With the pictures left out, return exactly the lines from the one containing "1年生の生活科の授業の様子で" through the end of the listing below.
GIVEN RECORDS: Begin
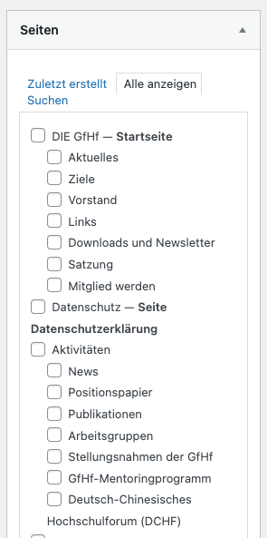 The metaboxes for the menu item selection are a mess. Pagination is not good, elements are skipped. Ordering feels completely random and the overall user experience is not good. With this script in your child themes function.php file you can easily fix that and have a look like in this screenshot.
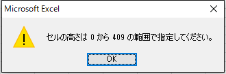 - ちなみに、行高さも制限があります。「セルの高さは0から409範囲で指定してください。」と警告が表示されます。
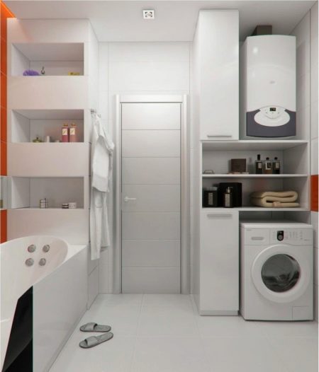 Depending on how the plumbing is installed, it will be possible to fit floor and wall cabinets in the bathroom. Floor-standing are good for masking the washing machine, which allows you to visually ennoble the space. Wall-mounted can make up certain compositions coupled with cantilevered shelves.
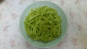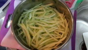 瓜皮洗净切条,将瓜皮的硬皮去掉,把未吃净的瓜瓤切掉,余下切成丝条
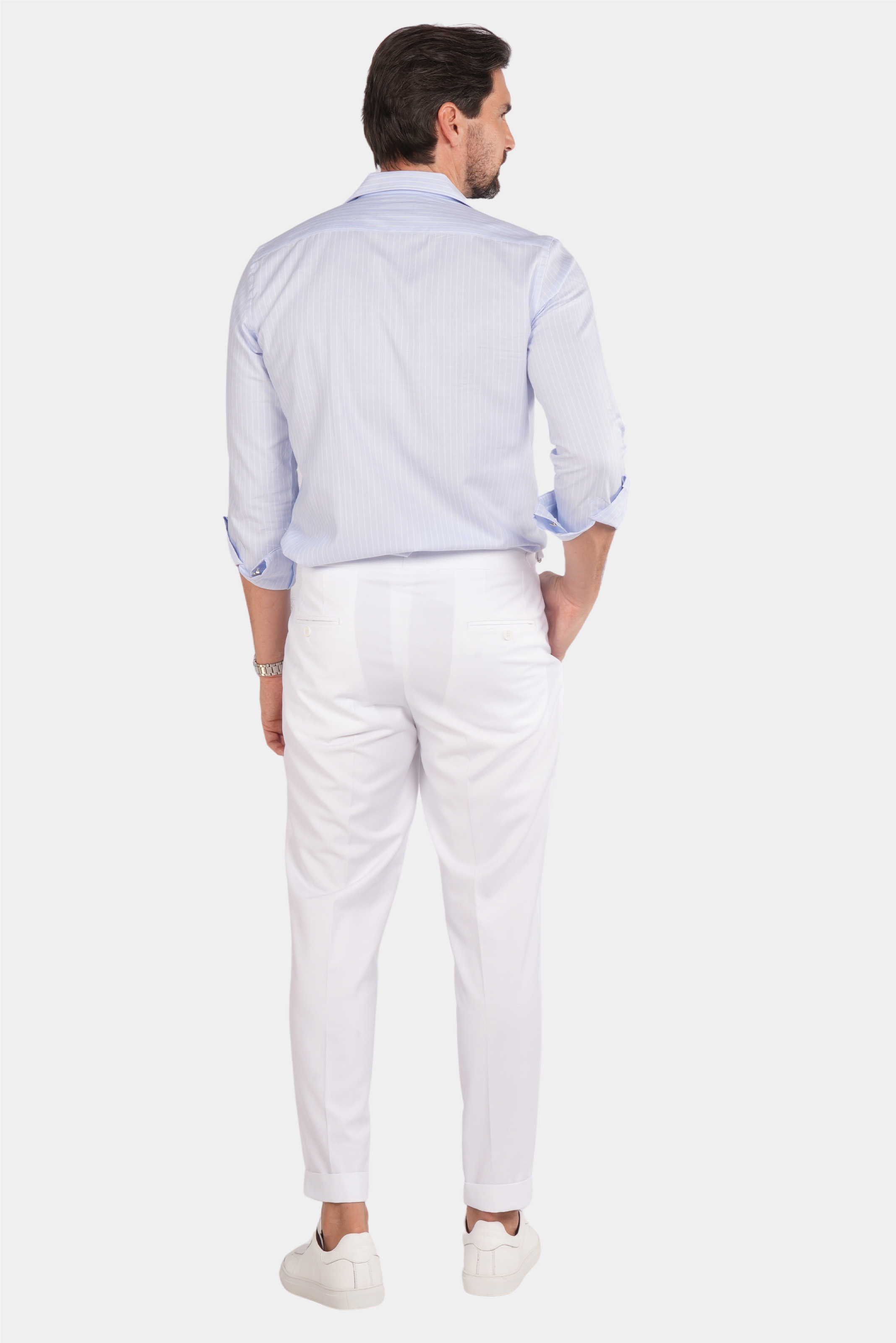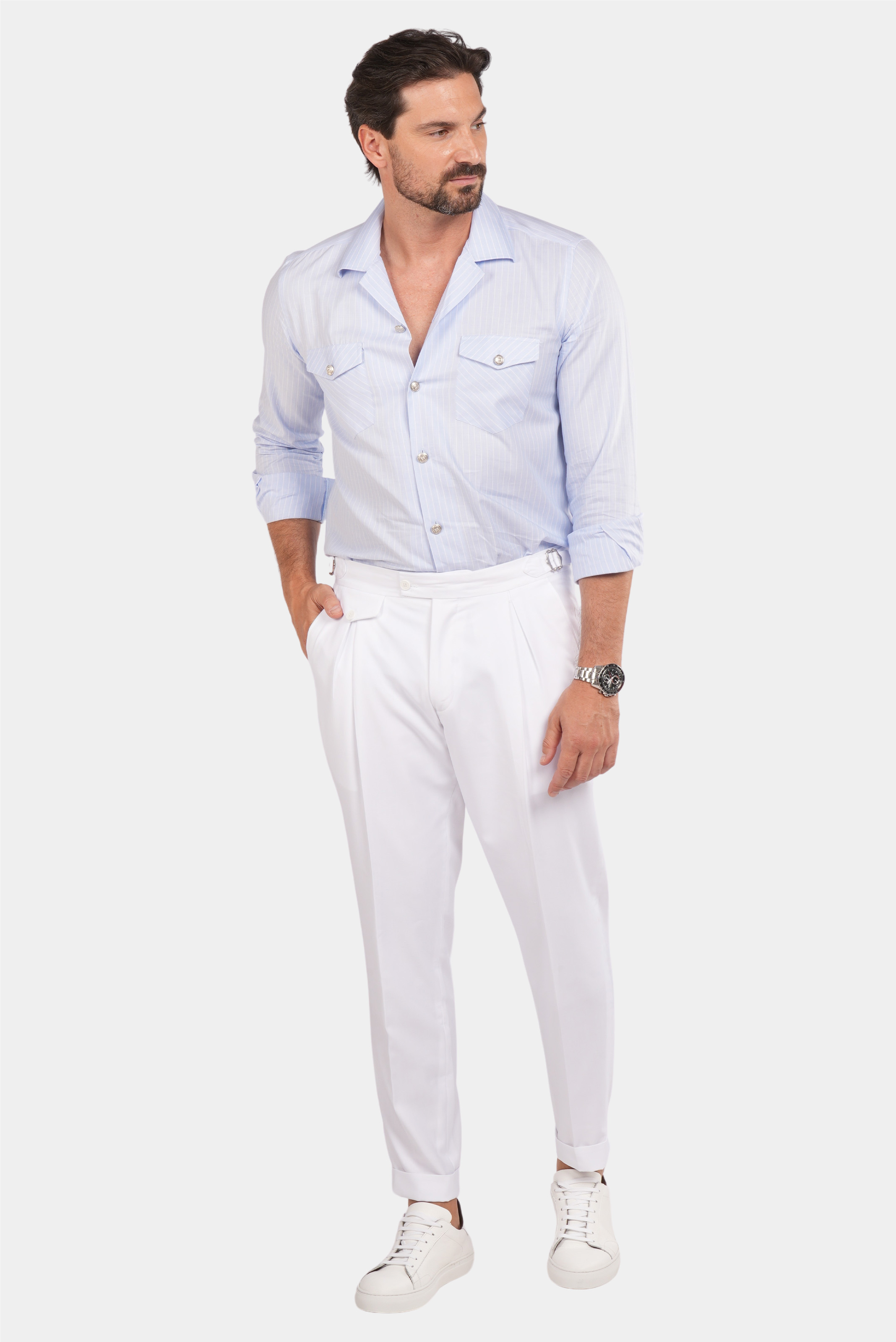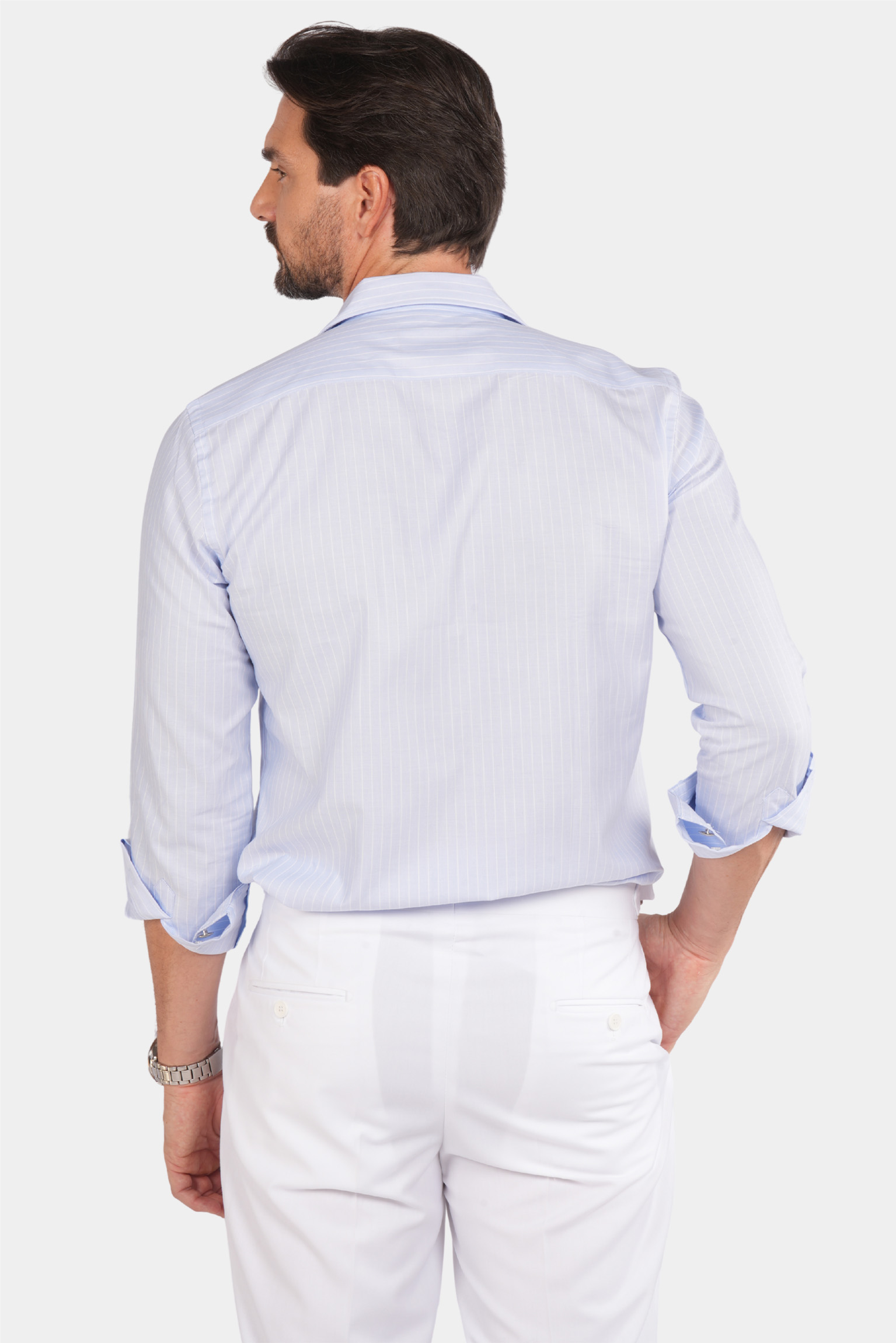 Hergestellt aus hochwertiger 100% Baumwolle, bietet dieses hellblaue Safari-Hemd mit weissen Streifen ein angenehmes, atmungsaktives Tragegefühl – ideal für den ganzen Tag. Das dezente Streifenmuster verleiht dem Hemd eine elegante Note, während silberfarbene Knöpfe und aufgesetzte Brusttaschen mit Patten das klassische Safari-Design betonen. Mit dem typischen Safari-Kragen strahlt dieses Hemd zeitlose italienische Eleganz aus und eignet sich perfekt für legere sowie halbformelle Anlässe.
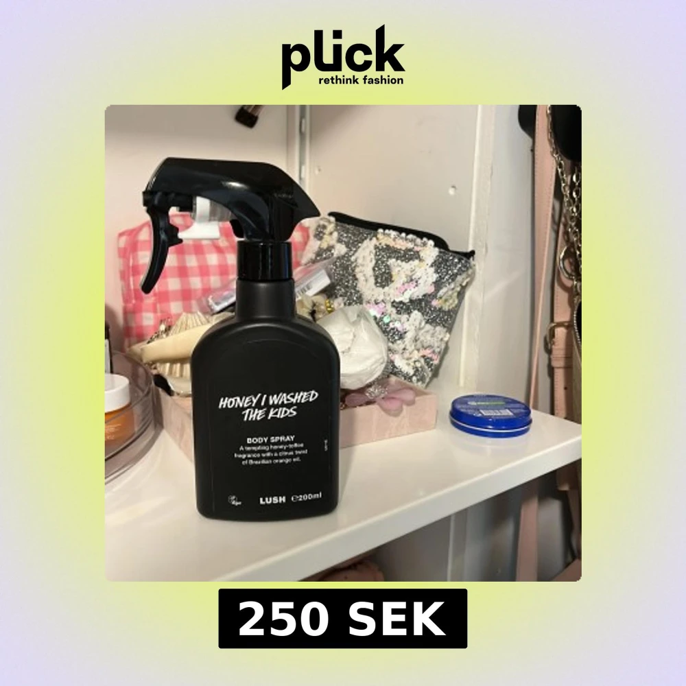 En svart sprayflaska med body spray från Lush, doften heter Honey I Washed The Kids. Flaskan rymmer 200 ml och har en enkel, modern design med vit text. Produkten ger en söt och varm doft av honung och karamell. helt ny oanvänd
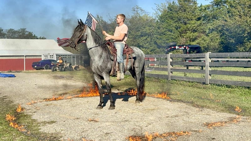 ONLINE AUCTION Place your bids at www.PlatinumEquineAuction.com Starting Bid $3500 Auction ends January 11th, 2025 Need a new saddle? Check out White Rock Saddles on our website or Facebook River is a extra handsome classic blue roan gelding, reg twh, 15 year old, he is standing close to 15.2, this is very experienced trail gelding that truly has logged more trail miles than most 2 or 3 horses combined, he has been to countless big trail rides in several states as well trips out alone as well. River is nice correct gelding that knows his job and is fun to ride. He has a smooth gait and is uncomplicated to ride. River is a forward moving horse that likes to gait when ready, he is an easy keeper and maintenance free. River gets along with other horses and is truly a pleasure to have around, he does great turned out or stalled. River not only stands for mounting but will park out on command making him easier to mount. This horse has been there done that and seen the sights. If you want drama free and worry free here he is wrapped in that beautiful blue roan coat! Located in Grassy Creek, KY. For more info contact Zach with Brandenburg Stables 513-508-3684. ONLINE AUCTION Place your bids at www.PlatinumEquineAuction.com Starting Bid $3500 Auction ends January 11th, 2025 Need a new saddle? Check out White Rock Saddles on our website or Facebook
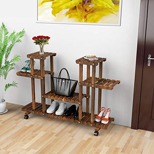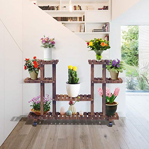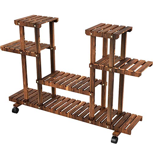 Yaheetech Removable Multi-Layer Plant Stand Display Racks with Garden Wooden Shelving Balcony Decoration Flower Stand with Wheels,Solid Wood,124 x 33 x 80 cm
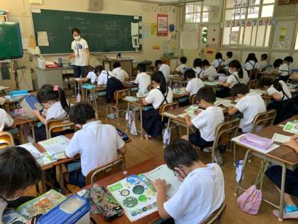 1年生の生活科の授業の様子です。今日は、単元「いきものと なかよし」の学習です。中庭や運動場から生き物を見つけてきました。
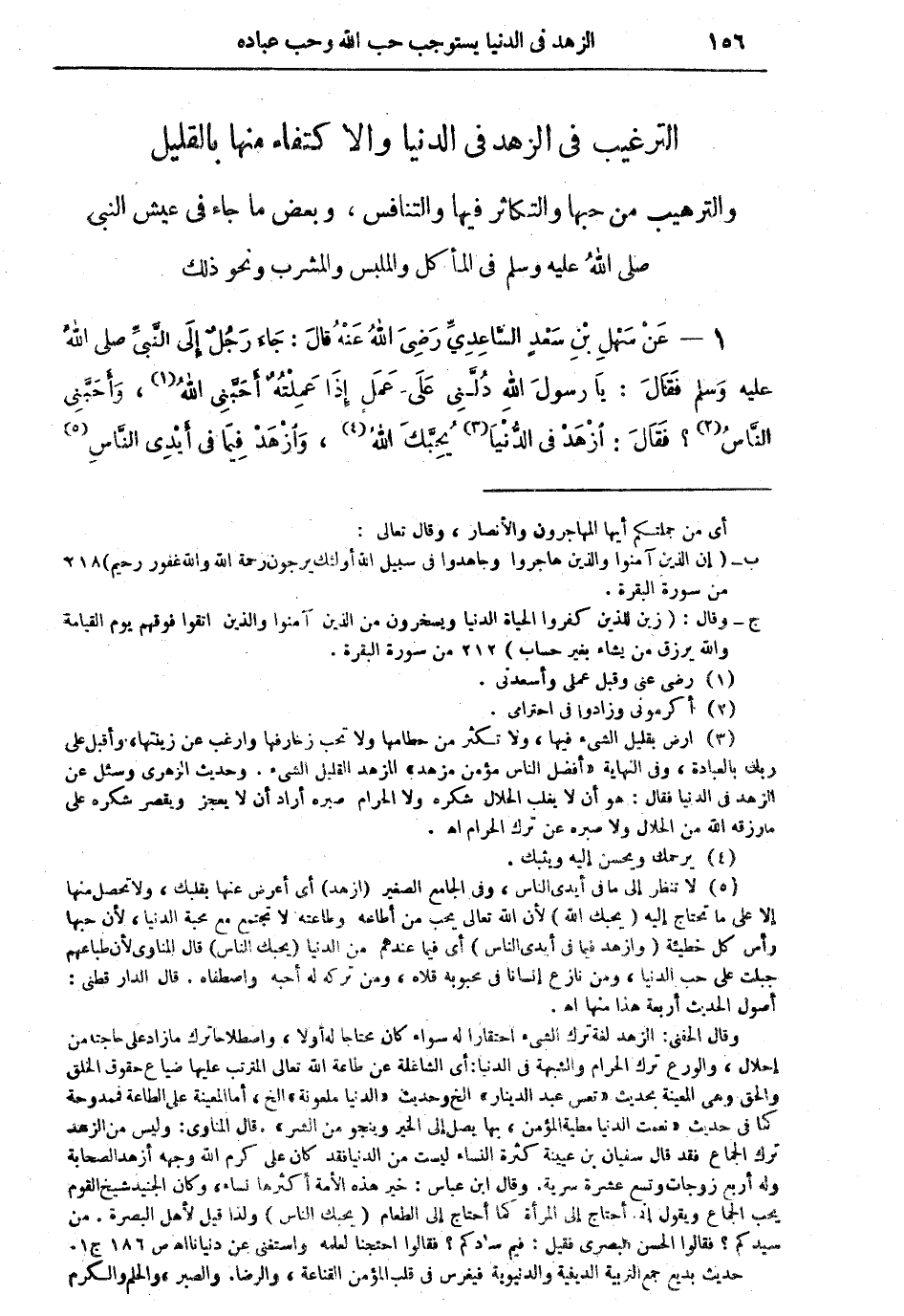 (¬3) ارض بقليل الشيء فيها، ولا تكثر من حطامها ولا تحب زخارفها وارغب عن زينتها، وأقبل على ربك بالعبادة، وفي النهاية "أفضل الناس مؤمن مزهد" المزهد القليل الشيء. وحديث الزهري وسئل عن الزهد في الدنيا فقال: هو أن لا يغلب الحلال شكره ولا الحرام صبره أراد أن لا يعجز ويقصر شكره على ما رزقه الله من الحلال ولا صبره عن ترك الحرام أهـ.
GIVEN RECORDS: End
> EXPECTED ANSWER
 1年生の生活科の授業の様子です。今日は、単元「いきものと なかよし」の学習です。中庭や運動場から生き物を見つけてきました。
 (¬3) ارض بقليل الشيء فيها، ولا تكثر من حطامها ولا تحب زخارفها وارغب عن زينتها، وأقبل على ربك بالعبادة، وفي النهاية "أفضل الناس مؤمن مزهد" المزهد القليل الشيء. وحديث الزهري وسئل عن الزهد في الدنيا فقال: هو أن لا يغلب الحلال شكره ولا الحرام صبره أراد أن لا يعجز ويقصر شكره على ما رزقه الله من الحلال ولا صبره عن ترك الحرام أهـ.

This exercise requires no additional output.